Siyasi tutsakların yaklaşık 6 yıldır hayata geçirilen bu uygulamalarla nerdeyse ihlal edilmeyen hakları kalmamıştır. Öncelikle tutsakların radyolarına el konuldu. Ardından istedikleri gazeteler yasak denilerek verilmemeye başlandı. Yetmedi, tutsakların odalarında bulunan ve muhalif yayınevlerinden çıkan tüm kitap ve dergiler toplatıldı. Tabii ki yapılanlar salt bunlarla sınırlı değildi. Sözünü ettiğimiz bu süreçte tutsakların hemen hemen tüm sosyal faaliyetleri iptal edildi. Hastane, mahkeme vs. yerlere gidiş-gelişler, tabiri caizse işkence haline getirildi. Kurum güvenliği gerekçe gösterilerek, akla hayale gelmeyen arama biçimleri dayatılıp kabul etmeyen tutsaklar, hastane ve mahkemelere götürülmeyerek bu alanlardaki hakları ihlal edildi. Bunların yanı sıra ayakta sayım, koridorlarda askeri nizamda yürüme, oda aramalarında her yeri olabildiğince dağıtma vb. birçok usule uygun olmayan uygulamalar geliştirildi. Yine cezaevi idaresinin hoşuna gitmeyen mektup ve dilekçeler keyfi bir şekilde engellenerek çıkışları yapılmayıp işleme alınmadı. Bunlara ses çıkaran tutsaklara ise ya disiplin cezaları verildi ya da sudan gerekçelerle infazları yakıldı. Hele İnfaz Kanunu’nda yapılan değişiklik ile koşullu tahliyeler Gözlem Kurulu’nun onayına bağlanmasıyla tutsaklar tam anlamıyla keyfi kararlarla yüz yüze bırakıldı. Bu değişiklikten dolayı şu an cezaevlerinde onlarca tutsak yatar sürelerini bitirmelerine rağmen bırakılmıyor. Oysa çıkarılan bir kanun geriye işlemiyor. Başka bir ifadeyle kanunlarda lehine olan hükümler uygulanır. Bu, hukukta temel bir prensiptir. Buna rağmen bu insanlar bırakılmıyor ve keyfi bir biçimde içeride tutulmaya devam ediliyor.
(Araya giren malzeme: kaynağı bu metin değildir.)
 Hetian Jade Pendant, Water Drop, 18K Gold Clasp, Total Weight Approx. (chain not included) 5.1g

Belki yukarıda dile getirmeye çalıştığımız şeylerin dışarda olan bir insan için bir anlamı olmayabilir. Ama içeride olanlar için bu böyle değil. Daha doğrusu içerideki tutsakların yaşam damarları bu sözünü ettiğimiz şeylerin sağlıklı işlemesiyle mümkündür. Bunlar kesildiğinde veya işlemez kılındığında tutsakların yaşam damarlarını da kesmiş olursunuz. Zaten zindanlar insan doğasına aykırı yapılmış mekanlardır. Bunun üstüne yukarıdaki uygulamalar da eklenince, zindanlar tutsaklar için bir cehenneme dönüşürler. Maalesef bugün birçok zindan, bu durumu yaşıyor.
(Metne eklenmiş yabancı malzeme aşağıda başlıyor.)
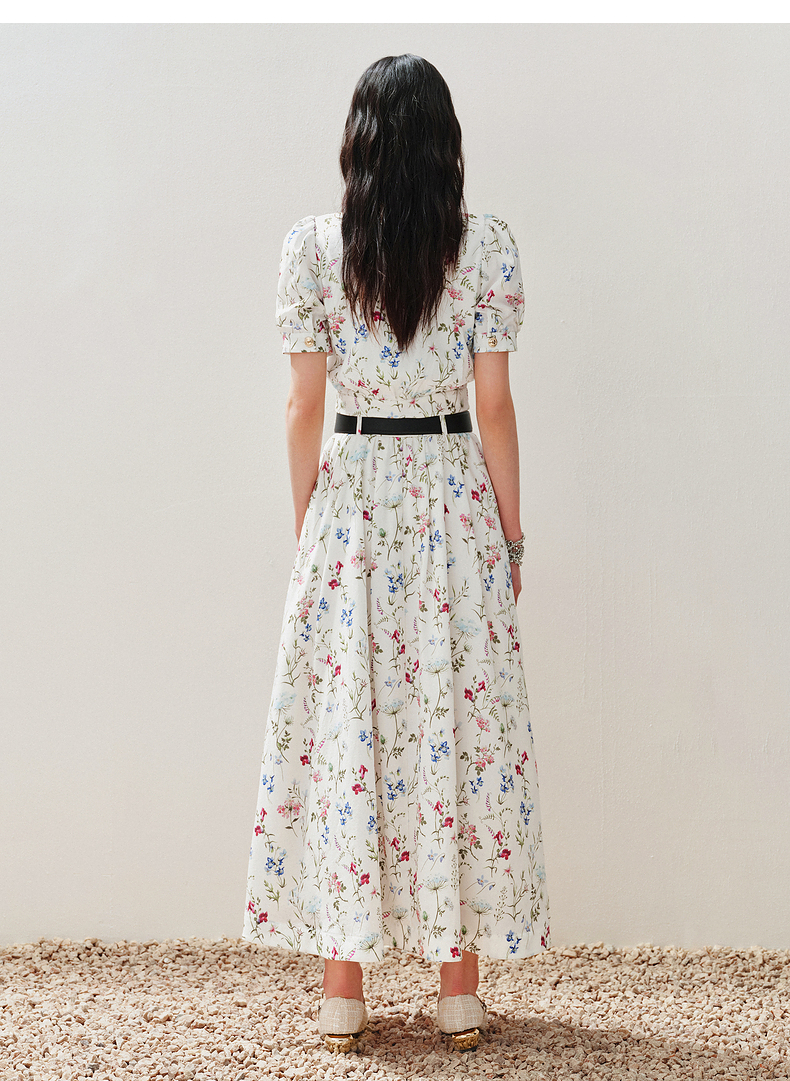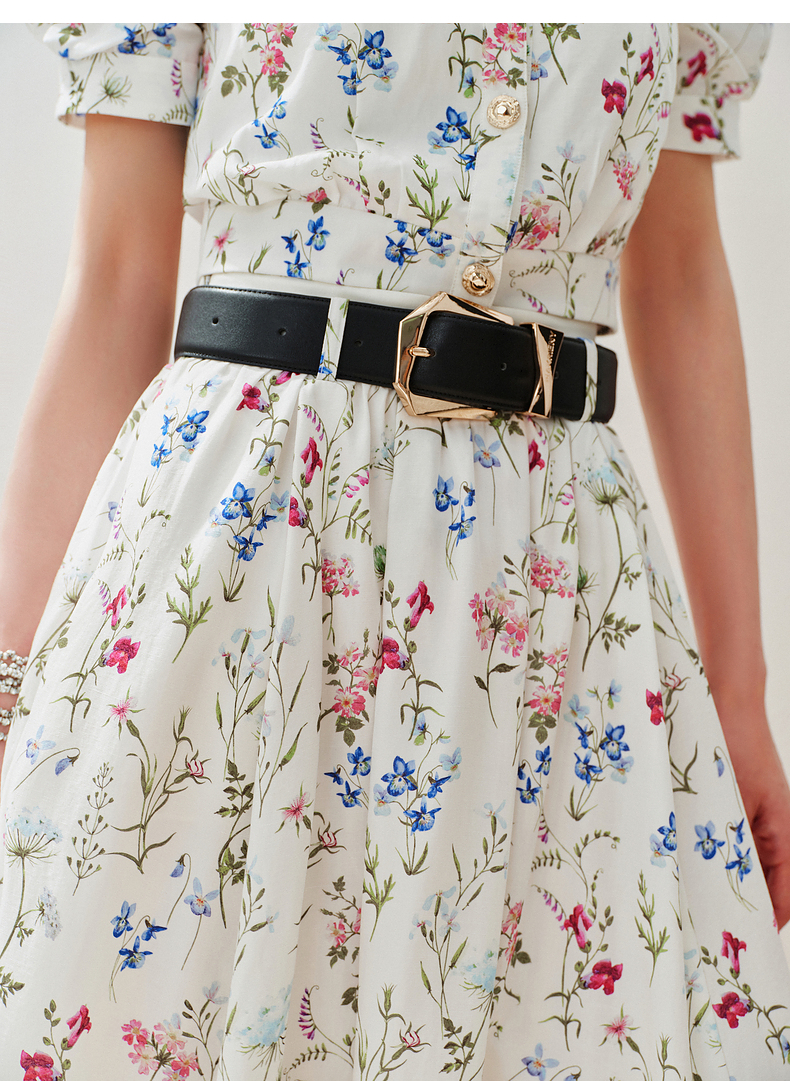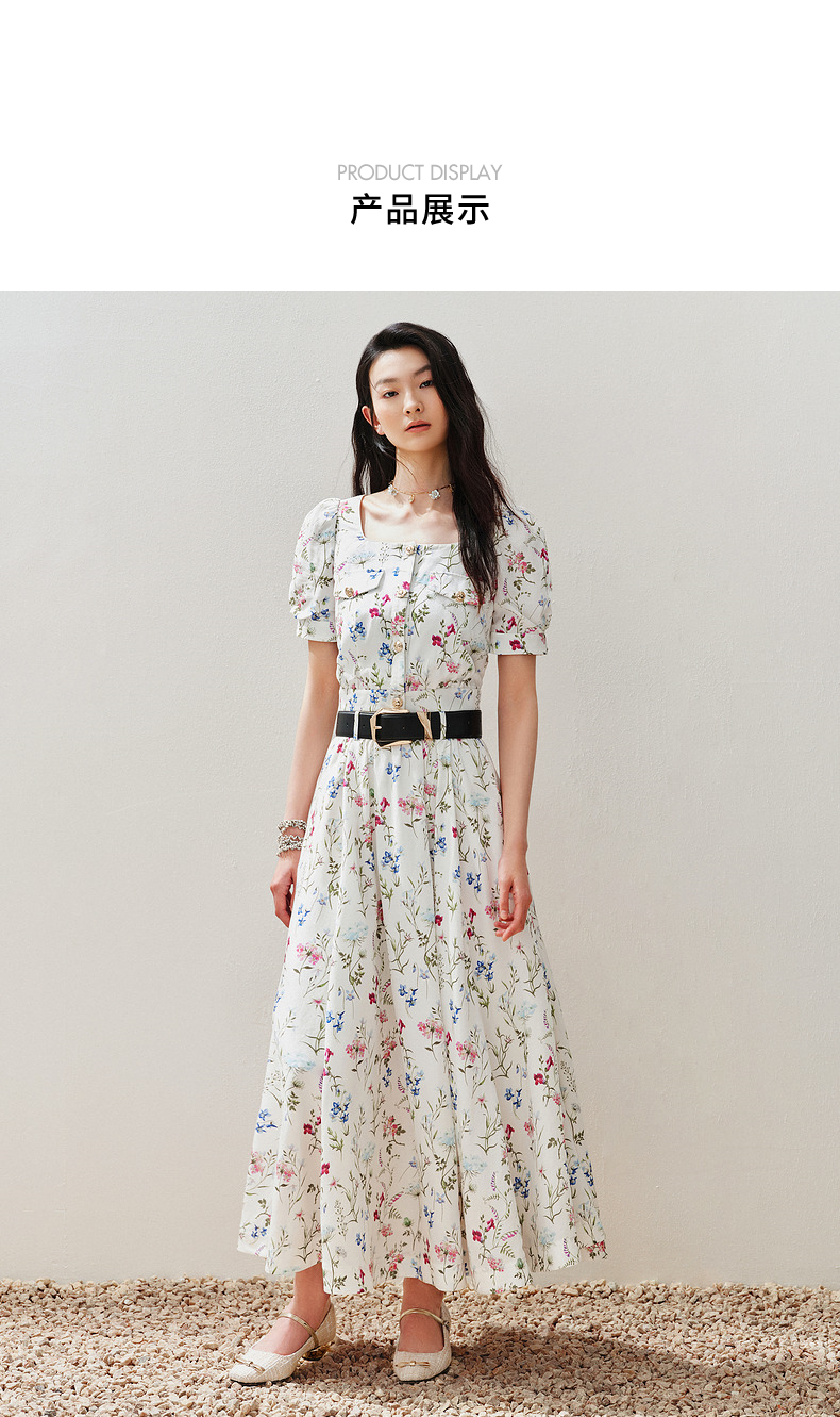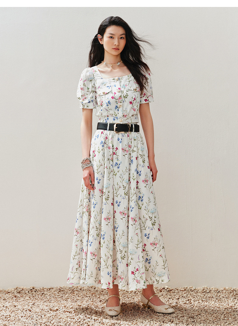 玛克门店发货:【浪漫花园-商场同款】MAXRIENY复古诗意花卉百褶裙2024半身裙夏(货号:MC85SK008)

Devlet, yukarıda dile getirmeye çalıştığımız uygulama ve hak ihlallerini İmralı zindanında tam 24 yıldır kesintisiz uyguluyor. PKK Lideri sayın Abdullah Öcalan 24 yıldır İmralı cezaevinde tek kişilik hücrede tutulup bu çağdışı uygulamalara maruz bırakılıyor. Elbette bunun bir nedeni var. Bu, PKK Lideri sayın Öcalan’ın toplum üzerindeki etkisinden kaynaklanıyor. Zira sayın Öcalan’ın ortaya koyduğu görüşler kısa sürede tüm topluma yayılıyor ve toplum tarafından onay görüyor. Bundan ürken siyasi iktidar, elindeki iktidar gücünü de kullanarak, bunun önüne geçmeye çalışıyor. Peki sayın Öcalan’ın görüşleri neden geniş toplum kesimleri tarafından benimseniyor? Çünkü sayın Öcalan’ın ortaya koyduğu görüşler, toplumun yaşadığı sorunlara çözüm yolunu gösteriyor. Siyasi iktidar, toplumun yaşadığı sorunlara çözüm yolunu gösteren sayın Öcalan’ı dinlemek yerine; ona dünyada eşi benzeri bulunmayan bir tecrit ve baskı uyguluyor. Yetmiyor, buna hukuki kılıf uydurmaya çalışıp, tüm zindanları İmralılaştırmaya çalışıyor. Bu nedenle tecrit bir insanlık suçudur ve bir insana uygulanan tecrit, tüm insanlığa uygulanmış demektir. Tecridi kırmak ise yine insanlığın ortaya koyacağı tavra bağlıdır. Tecride ses çıkarmamak nasıl ki insanlıktan uzaklaşmaysa, buna karşı durmak da insanlıkta ısrardır. İnsanlığımızda ısrar için tecride dur diyelim.